What went wrong in the handling of the Morong 43? For starters, detainees told Human Rights Watch that they were not informed of the charges against them at the time of arrest. Soldiers blindfolded them and interrogated them off and on for 36 hours after taking them into custody. The arresting officers failed to inform the detainees that they had the right to remain silent and the right to counsel, rights protected by the Constitution. The military chose a lawyer to represent the five detainees who confessed to being rebels and who remain in military custody despite allegations of abuse.

Gunshots were fired while at least two blindfolded detainees were being interrogated, making them believe that their fellow detainees had been killed, a form of psychological torture. Another told how a soldier masqueraded as her lawyer during questioning, undermining the right to legal counsel. "I was still blindfolded and handcuffed [when a man came in and] claimed to be my lawyer," she said. He insisted I would have to tell the truth. He told me, ‘How could I help you if you would not tell me the truth?"'

Several detainees filed complaints with the Commission on Human Rights alleging various forms of ill-treatment. Four men said that soldiers punched them during interrogation. Two women said soldiers took off their clothing during questioning and a third said a soldier made sexual advances.

The alleged abuses would have been bad enough, but the military's response shows an institutional disregard for human rights at the highest levels. After nongovernmental organizations alleged that the detainees had been mistreated, the military awarded the two officers who led the arrests the Bronze Cross Medal and dismissed reports of ill-treatment as "plain propaganda... aimed to deceive the people." Today, despite the President's order, the military continues to contend it has done nothing wrong.

The military also challenged the authority of the CHR, denying on Feb. 7 CHR employees entry to the camp where the interrogations took place and refusing on March 8 to comply with the commission's order to present the detainees before it.

The military's agreement to let Human Rights Watch visit the five detainees it still held, in September, was a positive move. But the AFP still has a long way to go to right the wrongs generated by this case-and abuses by the military more generally.

David should live up to his pledges on human rights and show that he takes allegations of torture seriously. He should order the AFP inspector general and provost marshal to conduct prompt, impartial and transparent investigations of the allegations of abuse and publish their findings and recommendations within 90 days.
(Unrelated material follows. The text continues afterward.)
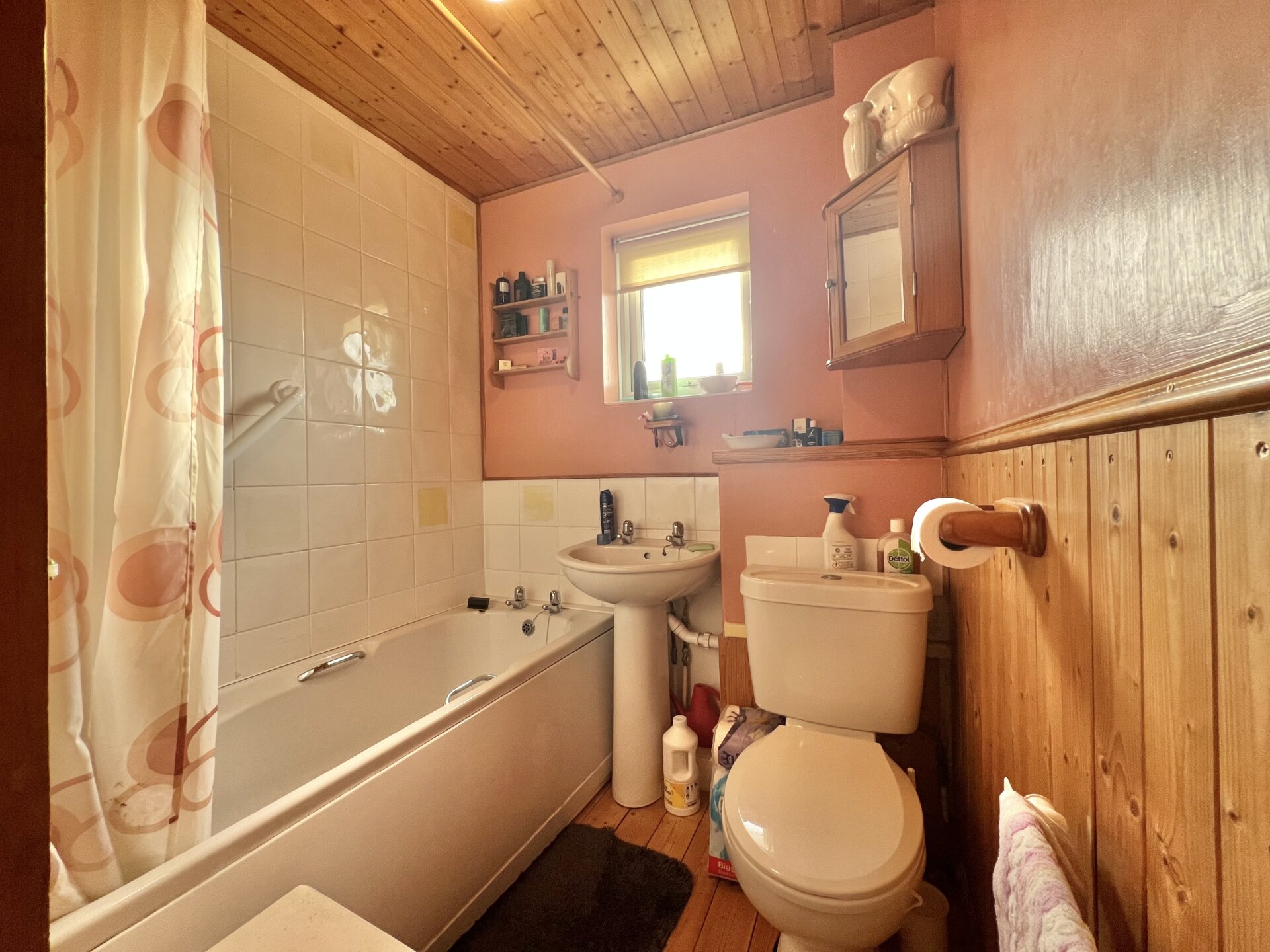 Panelled bath with electric shower over, pedestal wash hand basin, low flush w.c, radiator, UPVC double glazed window to the rear.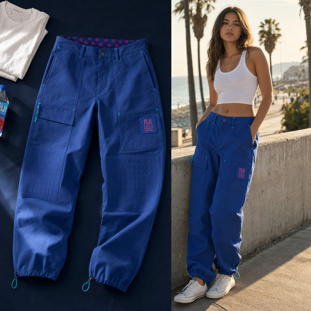 Photorealistic apparel flat-lay and on-body mockup of FIJI Water “Gen Z escape” unisex utility pants, using the provided silhouette image 02_westbound-utility-pants-outerworn.jpg as the exact shape and pattern block. Midweight premium cotton-nylon blend with a soft, slightly crisp handfeel, designed as affordable luxury loungewear you can wear from couch to coastline. Base color is FIJI primary blue (#003DA5) with subtle tonal square quilting panels on knees that quietly nod to the FIJI bottle shape. Oversized cargo pockets are clean and minimal, with laser-cut rubberized patch on the left pocket in FIJI blue and hibiscus magenta (#E10098) showing a tiny square “Earth’s Finest Water®” lockup. Contrast bartacks and zipper pulls in bright light blue (#00C1D5). Interior waistband printed with a repeating micro hibiscus pattern in magenta for a personal, hidden detail. Fit is relaxed, slightly high-waisted, straight leg with adjustable bungee cord and stoppers at the hem so they can cinch above the ankle or pool over sneakers. Show two angles: 1) flat-lay on a soft navy (#041C2C) backdrop with gentle natural daylight from the left, a folded white tee and FIJI bottle just peeking in the corner to suggest an everyday ritual; soft shadows, no harsh reflections. 2) street-style on a Gen Z model leaning casually against a low wall near a sunlit coastal boardwalk, shot at 35mm eye-level, late-afternoon golden hour with a relaxed, laid-back mood. Styling is simple: cropped tank, minimal sneakers, no flashy jewelry. Overall vibe: iconic, effortless, playful, but not ostentatious, clearly rooted in FIJI’s color pairing of blue and magenta.

Soldiers and officers credibly implicated in abuses should be relieved of duties pending completion of the investigations.

David should make sure that the AFP cooperates fully with the Commission on Human Rights at all times, particularly when the latter is exercising its power to inspect detention facilities and investigate rights abuses.

The Philippine government continues to face genuine internal security threats posed by the NPA and other armed groups. But continuing violence and abuses by rebel forces is never a justification for human rights violations by government forces. Rebel abuses should be investigated, and those responsible arrested and prosecuted for criminal offenses in accordance with Philippine and international law.

It is not too late for the AFP chief to make the Morong 43 case an example- not of unaccountable military abuse, but instead of a new seriousness in the military to address rights violations within its ranks.

Jessica Evans is a researcher in the Asia Division at Human Rights Watch.